Sabrina Roubache secrétaire d’État · RE #258

La loi de 2004 ne porte pas atteinte à la liberté de conscience – vous le savez parfaitement, mais cela va toujours mieux en le disant. Elle n’interdit pas les signes religieux ostentatoires mais la manifestation ostensible d’une appartenance religieuse ; elle est subtile, c’est là tout son intérêt. Elle n’est ni discriminante ni excluante : les élèves refusant de s’y soumettre s’excluent eux-mêmes de l’école. Je l’avais dit, je le répète.Le fait que le voile soit pour vous un signe à la fois religieux et politique pose problème. Certaines jeunes femmes portent le voile sans appartenir – allons droit au but– à la mouvance frériste. Il est curieux de faire un tel amalgame. Tout le monde connaît ma position très ferme sur la laïcité.

On connaît votre position !

Sabrina Roubache secrétaire d’État · RE #261

Il est dangereux de considérer le voile comme un signe politique. Il atteste une appartenance religieuse ; porté dans des lieux où il est interdit, notamment à l’école, il devient ostentatoire. Par ailleurs, je crois comprendre – je n’ai pas suivi cette affaire de près – que vous reprochez au maire des Lilas d’avoir reçu des jeunes filles voilées ?

D’avoir créé un comité consultatif dans une mairie !

Sabrina Roubache secrétaire d’État · RE #263

Lors des sorties scolaires, la loi autorise les signes religieux. Vous pouvez n’être pas d’accord avec le fait que des mamans voilées accompagnent les enfants.

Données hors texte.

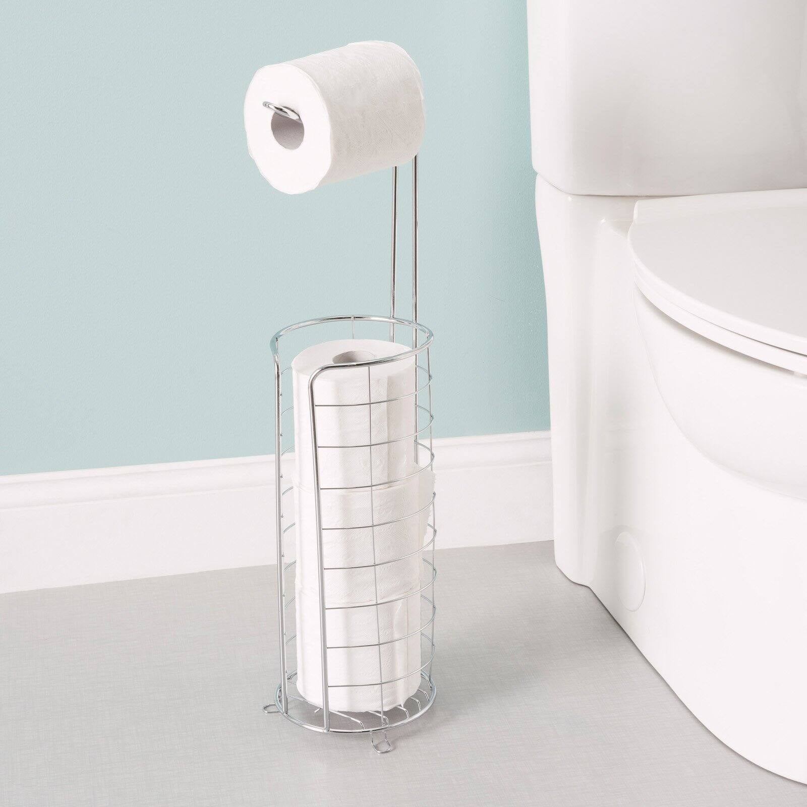 With the Home Basics Vertical Toilet Paper Holder tucked into a corner or near your toilet bowl, you’ll never find yourself short on toilet paper again. This holder and dispenser keeps a total of four rolls within reach. Raised feet on the bottom ensure the paper won’t make direct contact with your bathroom floor.

Je fais la distinction entre l’enceinte de l’école, qui est un sanctuaire, et l’extérieur, et je ne peux commenter chaque décision des élus ; ils prennent leurs responsabilités.

C’était une provocation à l’adresse des camarades Socialistes !

La parole est à M. Jean-François Coulomme.

Je vais préciser la pensée de notre collègue Julien Odoul : lorsqu’il parle de l’incursion du politique dans les universités, il fait certainement allusion à ses amis de la Cocarde étudiante, groupuscule d’ultradroite qui a décoré l’université de Chambéry avec des portraits de Pétain.

C’est un syndicat !

Je reviens à votre question : que serait notre vie sans la laïcité ? Les élus de Savoie ont reçu une invitation aux commémorations du 8 octobre 1945, au bas de laquelle était indiqué qu’ils étaient également conviés à un office religieux célébré en la cathédrale de Chambéry. Nos compatriotes juifs, musulmans, agnostiques ou athées, qui ont également combattu sous le drapeau français lors de la Libération, ne sont pas pris en considération. Le Président de la République est chanoine de la basilique Saint-Jean-de-Latran ; coprince d’Andorre avec l’évêque d’Urgel ; chanoine honoraire des cathédrales Saint-Jean-Baptiste de Saint-Jean-de-Maurienne, Saint-Julien du Mans, Saint-Maurice d’Angers, Saint-Jean de Lyon, Saint-Étienne de Cahors, des églises Saint-Hilaire de Poitiers et Saint-Germain-des-Prés à Paris ; proto-chanoine de la basilique Notre-Dame de Cléry et de la cathédrale d’Embrun. […]

La parole est à Mme la secrétaire d’État.

Sabrina Roubache secrétaire d’État · RE #270

Pour répondre à votre première observation, encore une fois, si mon travail consistait à commenter toutes les décisions des élus, je ne parviendrais pas à l’accomplir.

Une telle invitation respecte-t-elle la loi ?

Sabrina Roubache secrétaire d’État · RE #272

Selon vous, une invitation à une cérémonie catholique ne s’adresserait donc pas à nos compatriotes musulmans.

Manifestement !

Sabrina Roubache secrétaire d’État · RE #274

Il est bizarre de considérer que seuls les chrétiens peuvent entrer dans une église.

Pour une messe !

Sabrina Roubache secrétaire d’État · RE #276

Une personne de confession musulmane ou juive ne peut-elle se rendre dans une église ? Je vois bien où vous souhaitez m’emmener, mais je n’irai pas.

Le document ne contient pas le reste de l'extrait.